Input data.
.....

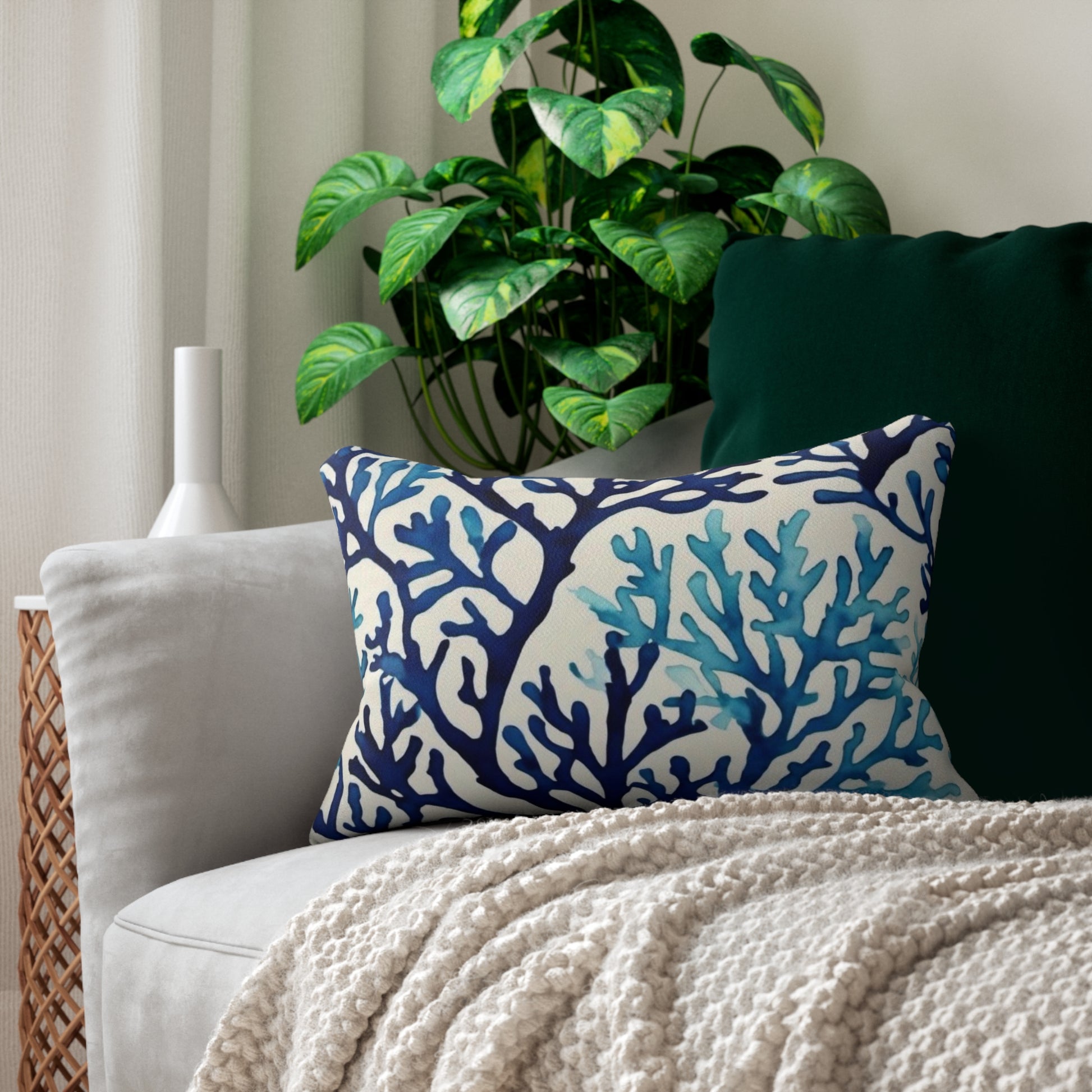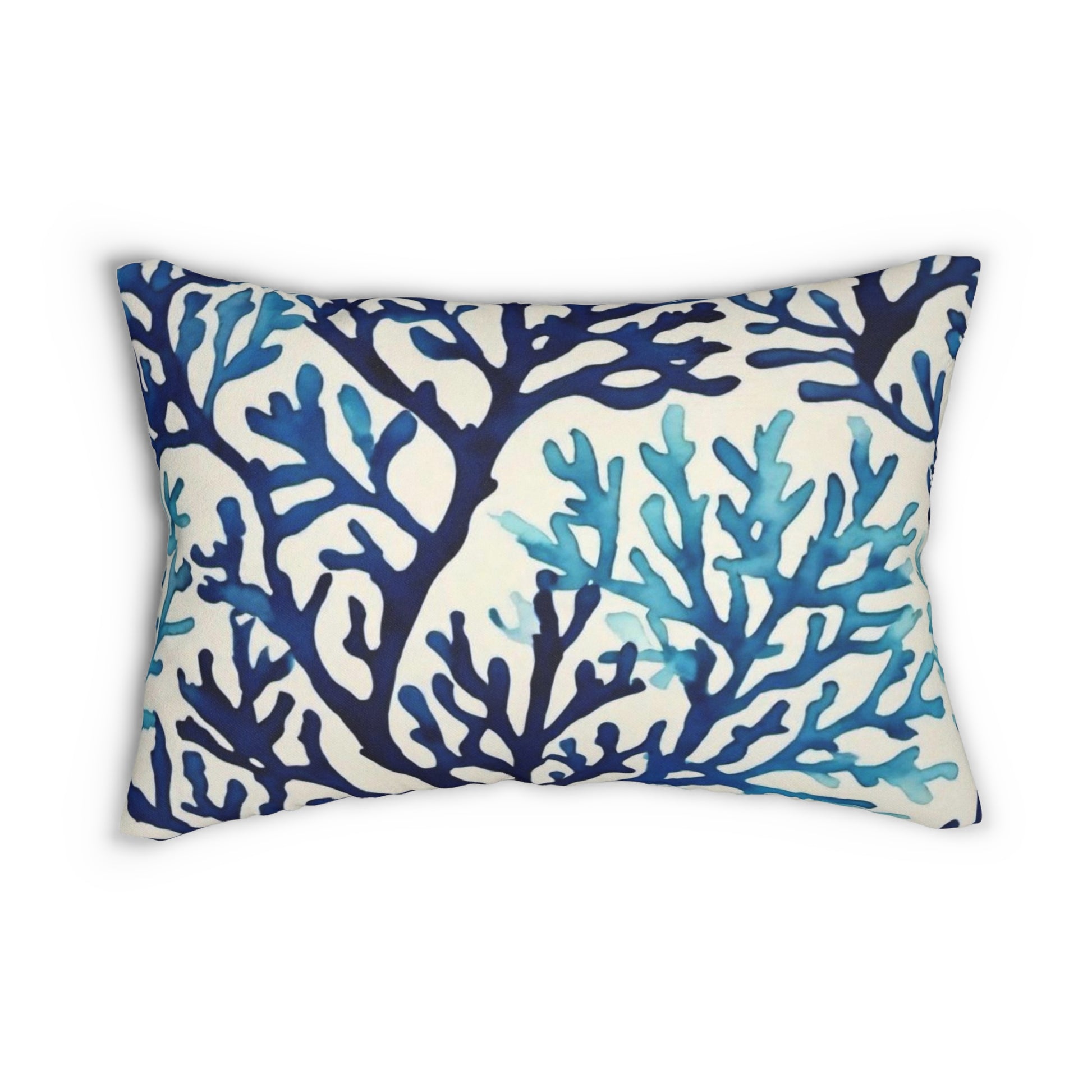 Blue Coral Watercolor Spun Polyester Lumbar Pillow
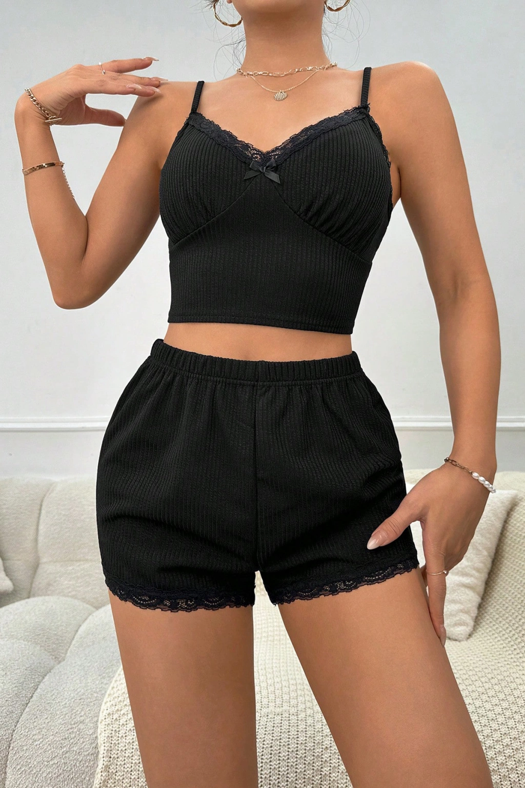 Kadın Siyah Alt Ve Üst Dantel Detaylı Fiyonklu Şortlu Gecelik Takımı
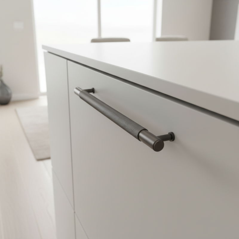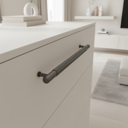 Úchytka LAYLA / Čierny grafit je moderný a technicky pôsobiaci dizajnový prvok, ktorý vyniká svojím precíznym spracovaním a industriálnym charakterom. Typickým znakom je jemne ryhovaná (knurling) stredová časť, ktorá nielen esteticky zaujme, ale zároveň zlepšuje úchop. Koncové časti majú hladký povrch, čo vytvára elegantný kontrast a vyvážený vzhľad.

.....

Work instruction. Transcribe the listing verbatim, pictures excluded.

Output below.
 Blue Coral Watercolor Spun Polyester Lumbar Pillow
 Kadın Siyah Alt Ve Üst Dantel Detaylı Fiyonklu Şortlu Gecelik Takımı
 Úchytka LAYLA / Čierny grafit je moderný a technicky pôsobiaci dizajnový prvok, ktorý vyniká svojím precíznym spracovaním a industriálnym charakterom. Typickým znakom je jemne ryhovaná (knurling) stredová časť, ktorá nielen esteticky zaujme, ale zároveň zlepšuje úchop. Koncové časti majú hladký povrch, čo vytvára elegantný kontrast a vyvážený vzhľad.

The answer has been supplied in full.